Now maybe the GTX variant with 3584 cores doesn't draw 300W since it likely wont have all the FP64 cores the Tesla has. So maybe it only draws like 250W and there is indeed some overclocking potential. We'll have to wait and see. But that still leaves doubts about how much power the chip will draw when all the cores are enabled.
Anyway, my point is, you have to take all the factors into consideration. I'm analyzing the big picture here, not just what's immediately on paper.
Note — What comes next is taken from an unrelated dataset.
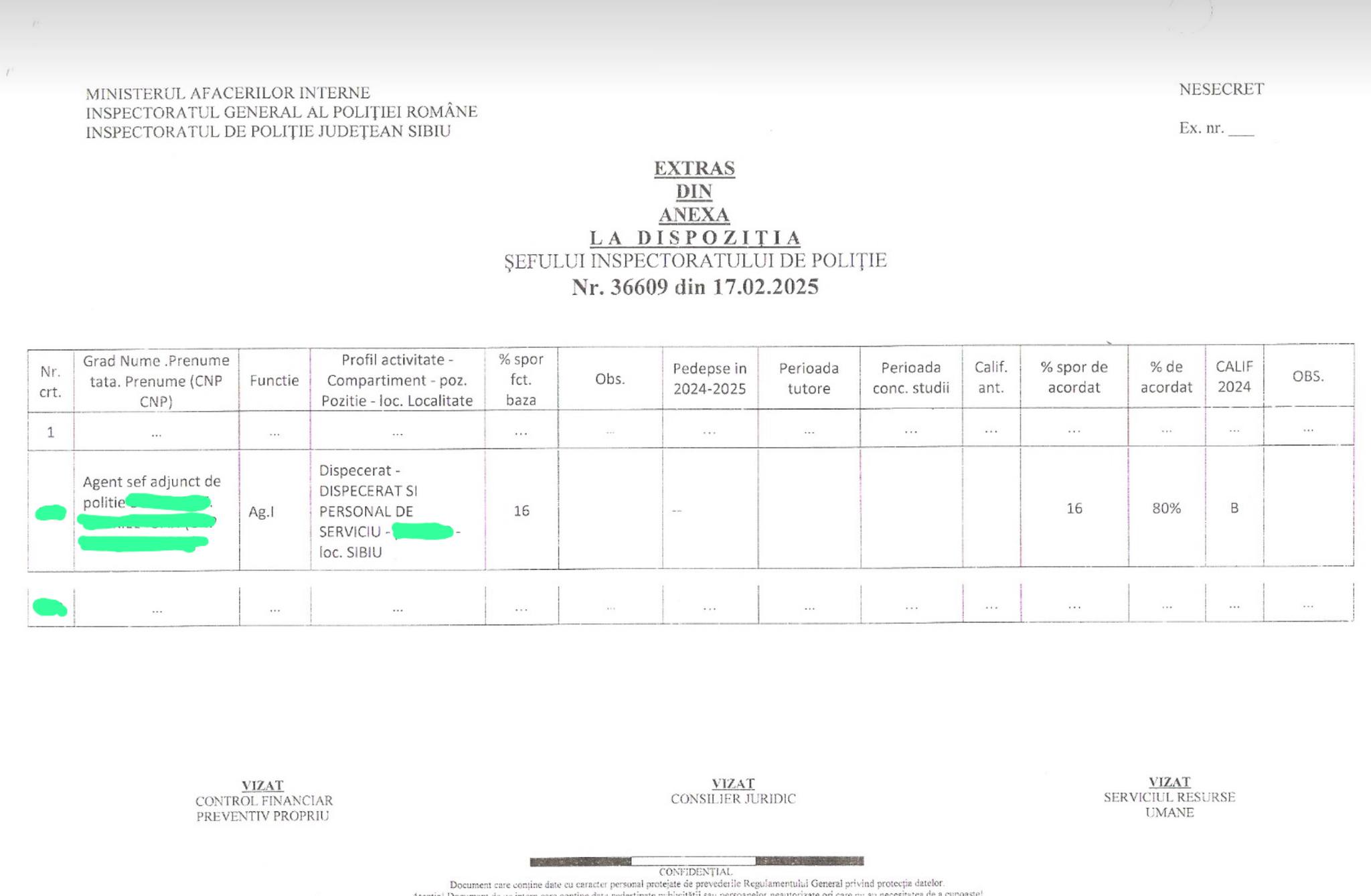 Extrasul din Dispoziția Șefului Inspectoratului de Poliție, Nr. 36609 din 17.02.2025, publicat de sindicat, confirmă în mod clar statutul „NESECRET” al documentului. Acesta detaliază acordarea unui spor pentru un „Agent șef adjunct de poliție” din cadrul dispeceratului IPJ Sibiu, indicând un „spor de acordat” de 16% și un „% de acordat” de 80%. Prezența acestei mențiuni „NESECRET” pe un document de decizie salarială vine în contradicție directă cu informațiile vehiculate până acum, demonstrând că procentele respective nu erau, de fapt, informații clasificate.

(04-08-2016, 02:44 AM)epixoip Wrote: [ -> ]Ok, let's compare factory specs to factory specs then:
Titan X - 3072 * 1215000000 = 3732480000000
Tesla P100 - 3584 * 1480000000 = 5304320000000
5304320000000 / 3732480000000 * 100 =~ 142.11
So 42% faster, stock vs. stock. Pretty much splits the difference between your 75% estimate and my 16% estimate. BUT...
The calculation is not correct since the Titan X on paper has a boost clock of 1075 (your 1215 is already an overclocked product).
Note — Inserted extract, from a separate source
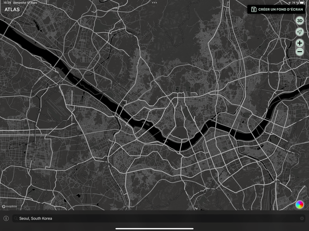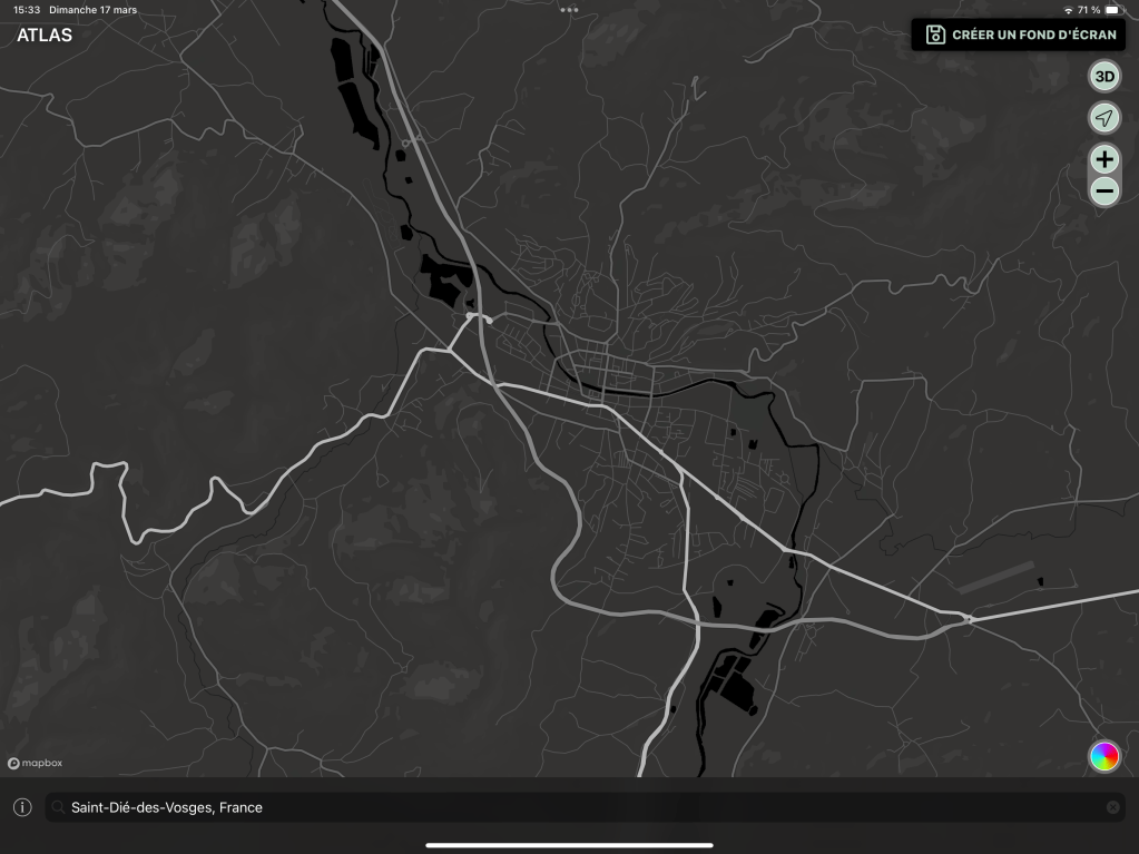 Je viens de découvrir une application qui vous permet facilement de créer un fond d’écran pour Mac / iPad et iPhone à partir de la carte de votre ville ou tout simplement d’un lieu spécifique qui vous tient à coeur.

Titan X - 3072 * 1075000000 = 3302400000000
Tesla P100 - 3584 * 1480000000 = 5304320000000
5304320000000 / 3302400000000 * 100 =~ 160.62
So 60% faster. Without considering any other optimization (FP16, new instructions, more instruction per cycle etc.)
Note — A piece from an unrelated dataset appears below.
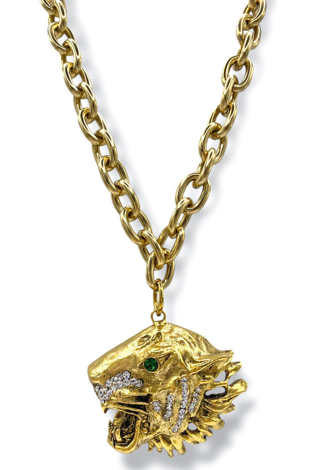 This exquisite piece features a tiger pendant hanging from a delicate chain, definitely a showstopper . Add a touch of luxury to any outfit with this statement necklace.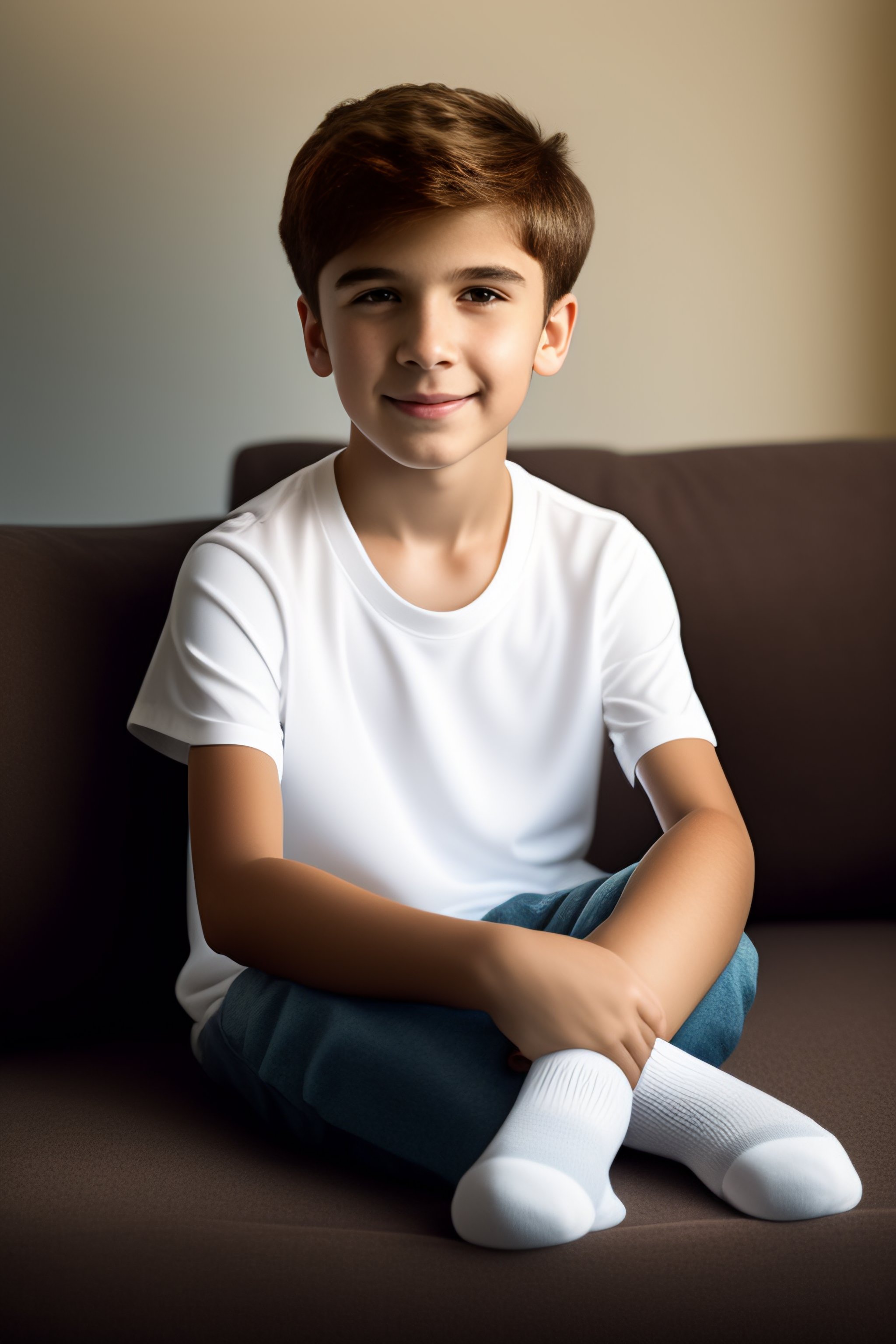 11 year old boy wearing soft white socks and long white tank top, studio lighting, light brown hair, pretty detailed face

My 75% was the estimation for all available shaders + even higher boost rate.
Titan X - 3072 * 1075000000 = 3302400000000
Titan P100 - 3840 * 1505000000 = 5779200000000
5779200000000 / 3302400000000 * 100 =~ 175.00
There you go, 75% on a possible new Titan P100.
About the Titan X doing 1515MHz: In the tests I read they never could bring the Titan X over 1300MHz (boost) without crashing or hitting the powerlimit. So how do you know your Titan X is
really clocking 1515Mhz? Cause if that's just a number shown somewhere you cannot make serious calculations based on that.
No offence here, I'm just in pedantic mode.
The 300W limit is a problem indeed for the Tyan.
But let's see what comes up. It's obviously a big step forward.
Well 1075 Mhz is the "Average Boost" not the "Max Boost." A stock, non-SC Titan X will run at 1215 Mhz when cracking with oclHashcat. And as you know FP16 etc are worthless for password cracking
The 1515 Mhz is reported by ''nvidia-settings -q GPUCurrentClockFreqs'' while running oclHashcat. I have no reason to believe this is in any way unreliable.
Anyway it sounds like all this is moot because apparently Nvidia just announced there will not be a GTX card released based on the GP100. So now we're back to having no idea what a GTX Pascal chip will look like.
(04-08-2016, 04:44 PM)epixoip Wrote: [ -> ]Well 1075 Mhz is the "Average Boost" not the "Max Boost." A stock, non-SC Titan X will run at 1215 Mhz when cracking with oclHashcat.
You're right. 1152MHz is the correct value.
Titan X - 3072 * 1152000000 = 3538944000000
Tesla P100 - 3584 * 1480000000 = 5304320000000
5304320000000 / 3538944000000 * 100 =~ 149.88
So about 50% faster. It does not matter what the Titan X does or show under hashcat. We're comparing factory specs since we know them. Anything else is speculation. How knows, maybe NVidia is conservative with the clocks and that thing overclocks like hell?
But big agree, the GP100 will be a $4000+ card and the GTX might be something else. End of Juli the GP104 might [edited] be shipped (GTX1080). I still expect a 40-50% jump up from the GTX980. Knowing the GP100 specs, thats sounds more than realistic to me.
It certainly does matter what Titan X shows under hashcat because this is the hashcat forums and how the card performs under hashcat is all we care about...
Anyway I think you're crazy, 50% is way off base from what will happen in reality. I'm still expecting max 20% and that's being optimistic.
Also where are you seeing the GTX 1080 will be shipping at the end of July?